To create the contract-api instance, we will need the contract's address and ABI. The contract ABI can be found in the artifacts generated when building the contract (see Creating your first contract).
import { ContractPromise } from '@polkadot/api-contract';
...
import bulletinBoardMetadata from '../metadata/metadata_bulletin_board.json';
import addresses from '../metadata/addresses.json';
const bulletin_board_address = addresses.bulletin_board_address;
const contract = new ContractPromise(
api,
bulletinBoardMetadata,
bulletin_board_address
);
Query a contract state
Under the hood, querying a contract is an extrinsic dry run. It is not submitted on the chain, however, it requires to specify the gasLimit
which refers to the maximum resources used by a contract call.

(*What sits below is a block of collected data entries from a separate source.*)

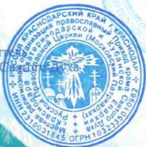
протоиерей Сергий (Лопасов)
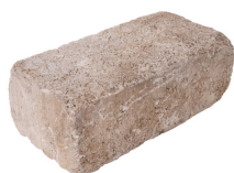
Normalstein Format 40 x 20 x 14 cm

Format 20 x 20 x 14 cm = ca. 9 Stück je m 2
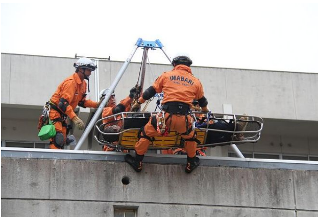
倒壊建物屋上から負傷者を救出
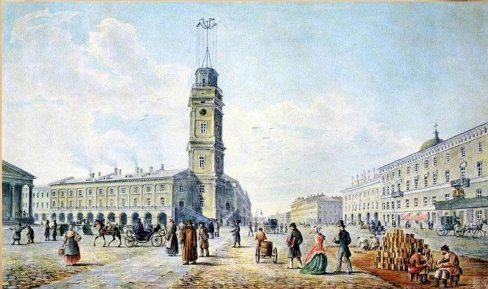
Невский проспект и Городская дума. 1820-е гг. Акварель.

Вскоре рядом с Гостиным двором появилось другое торговое здание с изящным портиком ( арх. Луиджи Руска). А около него поднялась высокая башня Городской думы (арх. Константин Андреевич Тон). На башне укрепили большие круглые часы со звоном. В здании Городской думы собирались те ,кто управлял городом.
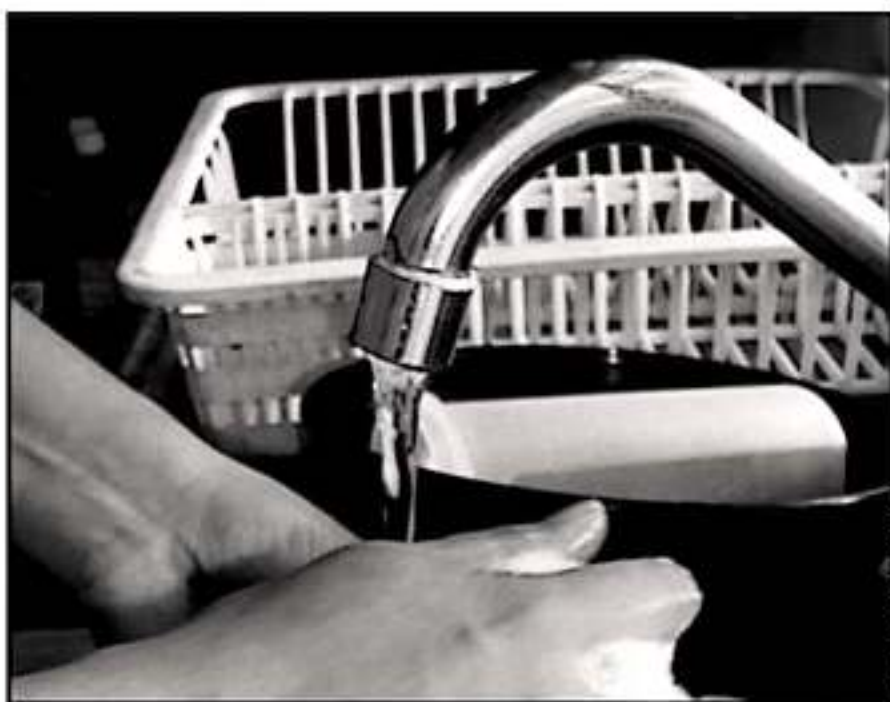
EL INCREMENTO A LA TARIFA DE AGUA POTABLE PARA EL AÑO PRÓXIMO TODAVÍA ES UN TEMA QUE PUEDE RA CONCRETARSE.

incrementaría el costo al servicio medido

Because we are not submitting an extrinsic to the chain (we're only performing a dry-run), it is safe to use sufficiently high values to ensure that the call won’t be reverted. For contract calls, Substrate uses a 2-dimensional weight (gas) system which consists of:
refTime
: the amount of computational time used for execution, in picoseconds;proofSize
: the amount of storage in bytes that a transaction is allowed to read.

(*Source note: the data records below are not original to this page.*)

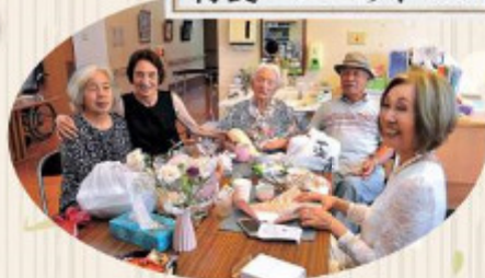
今年101歳になられる皆本様です
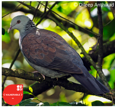
Image 1. Nilgiri Wood-Pigeon
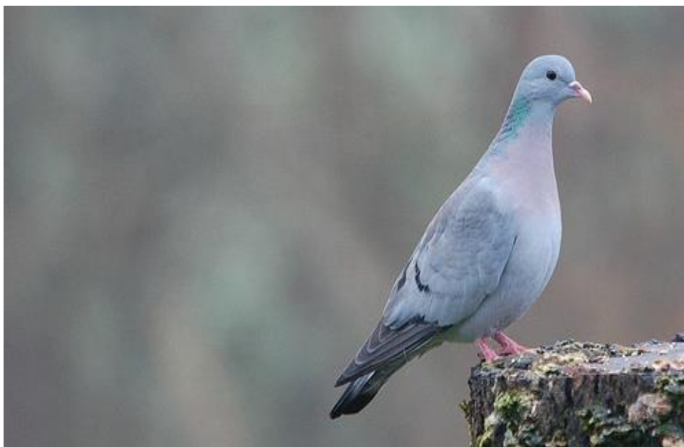
Фиг.5. Гълъб хралупар ( Columba oenas )

На територията на ТП „ДГС Върбица“ е регистриран през гнездовия период в следните отдели: 3,6,21,91,120,188,190,192.
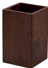
SC 木製カトラリースタンド ブラウン 17-341-07 (15188) 1,800円 約8×8×H13cm
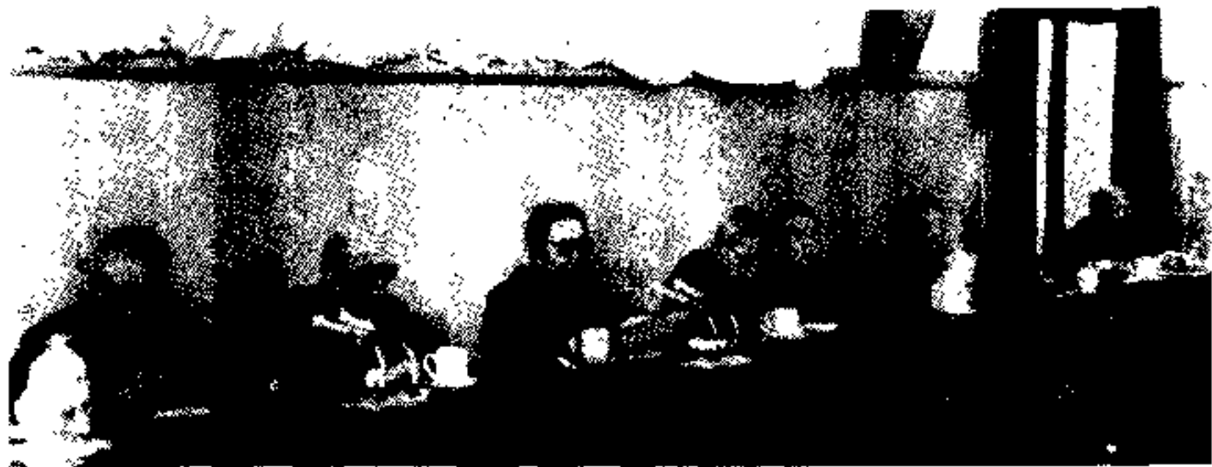
中国史学会第三次代表大会主席团主持会议
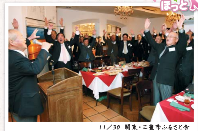
11/30 関東・三豊市ふるさと会

関西および関東・三豊市ふるさと会の総会が開催され、来年度の事業計画や今後の取り組みを話し合った後、地元出身の歌手や落語家を招き歓談。また「お楽しみ抽せん会」では、ふるさと三豊の新品や伝統の味を紹介しました。
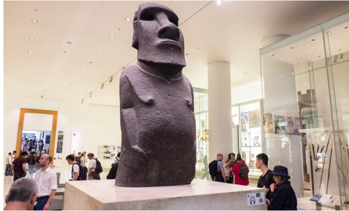
Gambar 2.1. Patung Batu Raksasa Hoa Hakananai'a di Galeri Living and Dying, British Museum
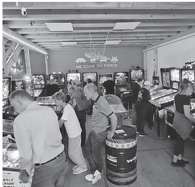
Viel Betrieb bei den Ehrenamtstagen im Flippermuseum

Die DSEE hat die Ehrenamtstage für ehrenamtlich Tätige im Flippermuseum unterstützt.
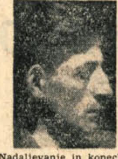
Nadaljevanje in konec)

Podržovalnim odbornikom društva je treba izreči za dosežane uspehe in nove delovne načrte vse priznanje! Naj vedo, da bi v Šmihelu ustanovili novo, samostojno društvo prijateljev mladine, saj ima zdaj že 850 članov. Od zadnjega občnega zbora je
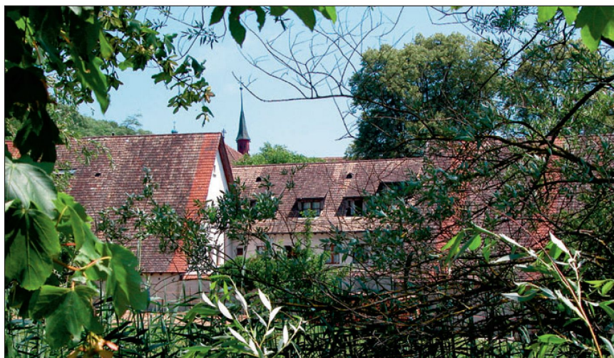
Vor den Toren der Stadt Frauenfeld: Die Kartause Ittingen.

Ideale Voraussetzungen finden die Sportbegeisterten. Den Wassersportlern bieten Hallen-, Sprudel- und geheizte Freibäder ideale Voraussetzungen. In den Sporthallen- und Anlagen der Kantonshauptstadt können auch internationale
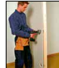
Tee reikä reikäporalla pitäen poraa etäällä rasiasta.
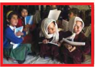
ਇਕ ਸਕੂਲ ਵਿਚ ਪੜ੍ਹ ਰਹੀਆਂ ਅਫਗਾਨ ਕੁੜੀਆਂ।

ਇਹ ਸੰਗ੍ਰਹਿ ਉਤਪੀੜਤ ਸਮਾਜਾਂ ਦੀਆਂ ਲੇਖਿਕਾਵਾਂ ਨੂੰ ਮੁੱਖ ਬਖ਼ਸ਼ਣ ਦਾ ਕੰਮ ਕਰ ਰਹੀ ਸੰਸਥਾ 'ਅਨਟੋਲਡ' ਦੇ ਉੱਦਮ ਸਦਕਾ ਵਜੂਦ ਵਿਚ ਆਇਆ ਹੈ। ਇਸ ਨੂੰ ਪੜ੍ਹ ਕੇ ਇਹ ਹਕੀਕਤ ਸਮਝ ਆ ਜਾਂਦੀ ਹੈ ਕਿ ਤਾਲਿਬਾਨ ਹਕੂਮਤ ਵੱਲੋਂ ਲਾਈਆਂ ਬੰਦਸ਼ਾਂ ਤੇ ਸਖ਼ਤਾਈ ਦੀ ਅਵੱਗਿਆ ਕਰ ਕੇ ਜੇਕਰ ਕਾਬੁਲ, ਕੁੰਦੂਜ਼ ਤੇ ਕੰਧਾਰ ਵਿਚ ਔਰਤਾਂ ਵੱਲੋਂ ਆਪਣੇ ਘਰਾਂ ਦੇ ਅੰਦਰ ਔਰਤਾਂ ਲਈ ਉੱਚ ਸਿੱਖਿਆ ਦੇ ਸਕੂਲ ਚਲਾਏ ਜਾ ਰਹੇ ਹਨ ਤਾਂ ਉਹ ਕਿਸ ਜੁਝਾਰੂ ਬਿਰਤੀ ਦਾ ਨਤੀਜਾ ਹਨ। ਇਸ ਕਿਸਮ ਦੀ ਦਲੇਰੀ ਤੇ ਆਦਰਸ਼ਵਾਦ, ਸੱਚਮੁੱਚ ਹੀ, ਸਲਾਮ ਦੇ ਹੱਕਦਾਰ ਹਨ।
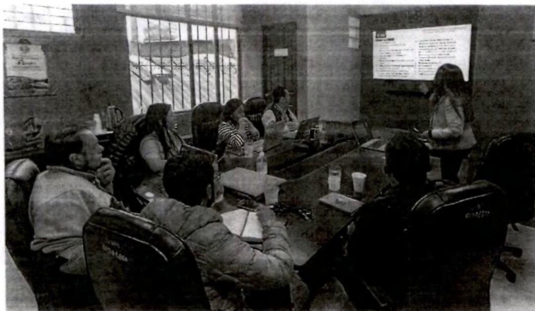
Figura 2. Asociación FECCEG en la inducción sobre la Ley de Contrataciones, uso de Guatecompras y elaboración de informes mensuales.
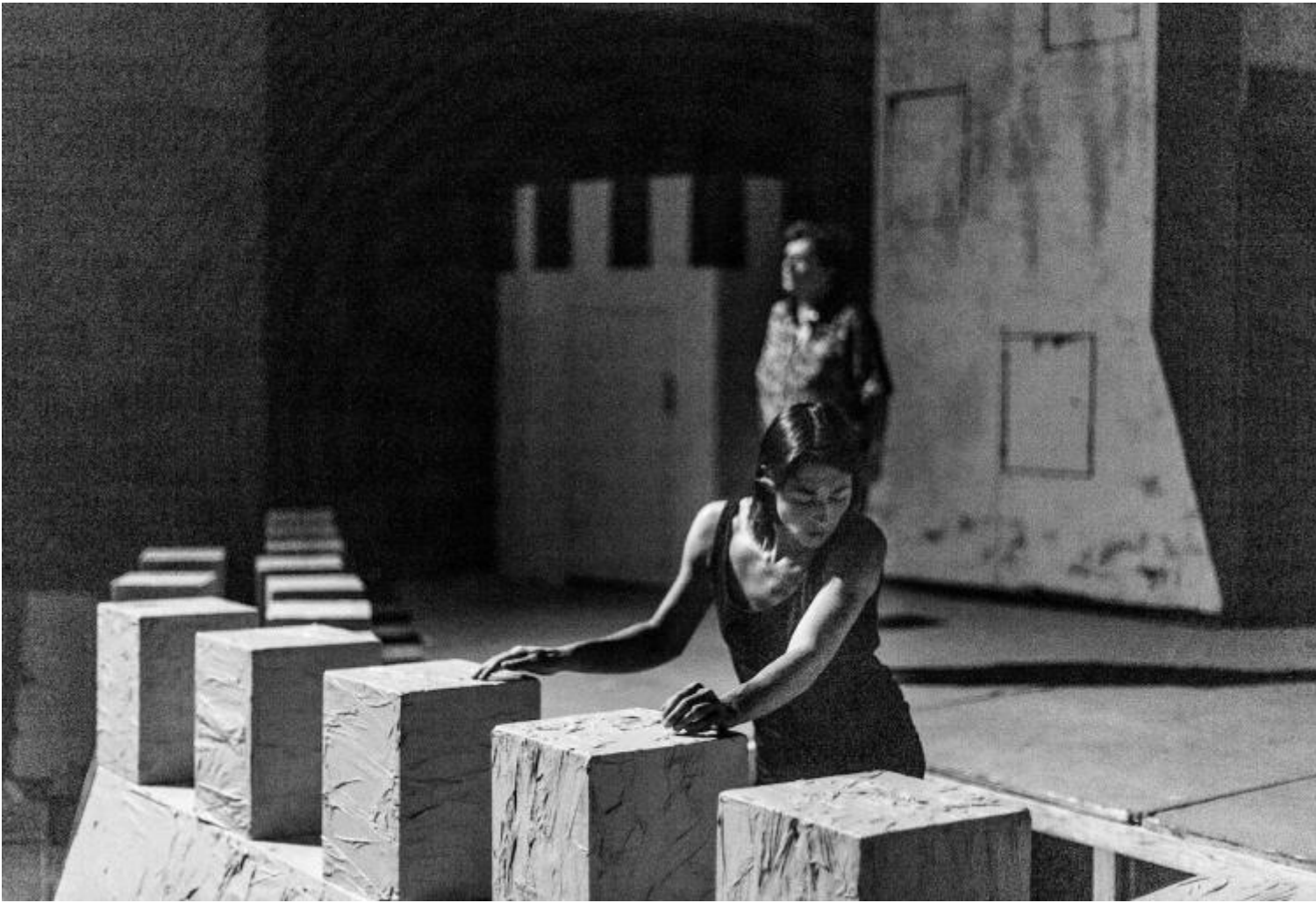
Notte di attesa

Qui, quando le luci si accenderanno, appariranno prima l'ombra di quell'albero secco e di quell'antico paiolo, poi fantasmi umani che inizieranno a costruire effimere mura di cartone. Parleranno molto, disseminando solo dubbi, ipotesi, domande senza risposta, fino a estremi aggrovigliati, fino a cerebralismi da far invidia a Pirandello.

import { BN, BN_ONE } from '@polkadot/util';
import type { WeightV2 } from '@polkadot/types/interfaces';
...
const MAX_CALL_WEIGHT = new BN(5_000_000_000_000).isub(BN_ONE);
const readOnlyGasLimit = api.registry.createType('WeightV2', {
refTime: new BN(1_000_000_000_000),
proofSize: MAX_CALL_WEIGHT,
}) as WeightV2;
In this example, we call the contract method getByAccount
which takes one argument accountId
. For simplicity, we are using the contract address as the caller.
...
const {
gasConsumed,
gasRequired,
storageDeposit,
result,
output,
debugMessage,
} = await contract.query.getByAccount(
contract.address, // caller address
{
gasLimit: readOnlyGasLimit,
},
accountId
);
if (result.isOk && output) {
console.log(output.toHuman());
}
if (result.isErr) {
console.log(result.toHuman());
}
Contract query results in ContractCallOutcome
. If the query is successful, you can extract the return value from the output object. See how it can be done here.
Send signed transaction to a contract
Signing account
To sign a transaction, we need a wallet. To keep this example simple, we will use @polkadot/extension-dapp
to retrieve wallet providers added to the app page and assume that there’s at least one account. See the Aleph Zero Signer Integration tutorial for more information.
import {
web3Enable,
web3Accounts,
} from "@polkadot/extension-dapp";
const APP_NAME = 'Aleph Zero The Bulletin Board';
const injectedExtensions = await web3Enable(APP_NAME);
// Return list of accounts imported from extensions
const accounts: InjectedAccountWithMeta[] = await web3Accounts();
// For simplicity, here we assume that there's at least one account in the connected wallet extensions
const userAccount = accounts[0];
Gas estimation
To sign and send a transaction to a contract, we should estimate values for gasLimit
. Although the unused gas is refunded after the call, it is good practice to specify a reasonable gasLimit
for transactions. As shown here, this (gasRequired
) can be estimated with contract.query.[method]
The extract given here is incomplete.